В ответ на молчание Бумазейнова, непоколебимое и злое, Мария Яковлевна перешла к угрозам. Сначала она посулила ему неудовлетворительную отметку по поведению, затем вызов на педагогический совет, наконец, привод в отделение милиции. — Бумазейнов молчал и ел известку, которую он отколупывал от стены.
— Всыпать бы тебе горячих, — сказал Семен Платонович, — и вся недолга.
— Погодите, — сказал я, — так дела не делаются. — И подозвал к себе Бумазейнова.
Видимо, ему очень не хотелось уходить от известки, и он приближался нехотя, через силу.

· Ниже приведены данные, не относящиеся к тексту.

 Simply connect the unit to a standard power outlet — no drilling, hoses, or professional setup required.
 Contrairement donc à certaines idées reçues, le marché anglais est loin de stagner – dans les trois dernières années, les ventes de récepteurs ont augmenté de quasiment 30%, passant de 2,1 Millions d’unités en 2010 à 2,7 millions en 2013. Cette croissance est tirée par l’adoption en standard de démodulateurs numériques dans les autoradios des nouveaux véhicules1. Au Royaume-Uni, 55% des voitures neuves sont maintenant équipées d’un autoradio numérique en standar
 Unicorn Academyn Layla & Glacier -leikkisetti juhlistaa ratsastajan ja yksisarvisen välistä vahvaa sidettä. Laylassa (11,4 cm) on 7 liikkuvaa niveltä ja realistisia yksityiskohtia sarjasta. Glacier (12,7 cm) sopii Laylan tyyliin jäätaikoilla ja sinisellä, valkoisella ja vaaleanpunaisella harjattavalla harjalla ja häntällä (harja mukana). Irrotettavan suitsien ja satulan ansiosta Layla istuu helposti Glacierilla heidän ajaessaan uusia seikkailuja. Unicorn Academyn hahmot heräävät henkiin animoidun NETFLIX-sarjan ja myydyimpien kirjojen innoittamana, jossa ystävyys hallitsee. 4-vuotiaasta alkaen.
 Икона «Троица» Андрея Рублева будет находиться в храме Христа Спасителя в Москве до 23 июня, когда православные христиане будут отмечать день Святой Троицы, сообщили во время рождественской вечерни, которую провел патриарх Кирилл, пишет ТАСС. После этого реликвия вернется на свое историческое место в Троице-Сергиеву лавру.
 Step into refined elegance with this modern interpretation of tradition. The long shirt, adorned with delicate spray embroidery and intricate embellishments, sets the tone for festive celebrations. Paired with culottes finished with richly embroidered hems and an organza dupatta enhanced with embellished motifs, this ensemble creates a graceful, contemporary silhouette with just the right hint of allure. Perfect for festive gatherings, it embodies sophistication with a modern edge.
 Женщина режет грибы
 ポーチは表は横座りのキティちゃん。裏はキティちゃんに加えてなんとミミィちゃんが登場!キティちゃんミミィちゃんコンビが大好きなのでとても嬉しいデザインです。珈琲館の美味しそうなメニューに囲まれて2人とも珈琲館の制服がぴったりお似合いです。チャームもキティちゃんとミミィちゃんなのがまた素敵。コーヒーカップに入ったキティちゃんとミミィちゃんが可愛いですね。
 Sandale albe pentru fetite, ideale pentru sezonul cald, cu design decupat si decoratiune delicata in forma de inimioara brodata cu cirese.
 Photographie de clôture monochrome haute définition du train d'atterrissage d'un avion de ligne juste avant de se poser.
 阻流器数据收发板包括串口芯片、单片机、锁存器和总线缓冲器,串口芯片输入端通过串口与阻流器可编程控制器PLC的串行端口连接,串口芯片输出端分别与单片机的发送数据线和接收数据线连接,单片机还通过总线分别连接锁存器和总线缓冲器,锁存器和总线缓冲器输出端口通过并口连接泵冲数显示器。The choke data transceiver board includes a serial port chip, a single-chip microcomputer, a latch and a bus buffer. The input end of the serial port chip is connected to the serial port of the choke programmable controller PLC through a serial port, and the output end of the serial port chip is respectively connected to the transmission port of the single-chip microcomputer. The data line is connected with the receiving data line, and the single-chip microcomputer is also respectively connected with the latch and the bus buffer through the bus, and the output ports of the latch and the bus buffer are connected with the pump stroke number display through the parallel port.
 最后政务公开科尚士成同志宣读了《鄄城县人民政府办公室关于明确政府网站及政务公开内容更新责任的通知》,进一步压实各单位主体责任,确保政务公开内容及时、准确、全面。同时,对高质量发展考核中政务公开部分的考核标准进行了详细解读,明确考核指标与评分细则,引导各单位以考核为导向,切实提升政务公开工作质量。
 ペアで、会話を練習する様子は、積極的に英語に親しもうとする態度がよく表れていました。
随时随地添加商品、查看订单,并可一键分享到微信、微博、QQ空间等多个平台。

— Послушай, Николай, — сказал я Бумазейнову, — третий класс — это уже не шутки, это, брат, такая пора, когда человек должен уметь объяснять свои намерения и поступки. Вот и объясняй.
Бумазейнов посмотрел в потолок, потер средним пальцем правой руки ладонь левой руки и рассказал все, как было. Оказывается, его дед — большой, вероятно, умница — прочел внуку лекцию на тот счет, что юный пионер не имеет права врать, что пионер, который врет, хуже, чем уголовник, а поскольку Бумазейнов знал за собой этот грех, то он счел вступление в пионерскую организацию невозможным.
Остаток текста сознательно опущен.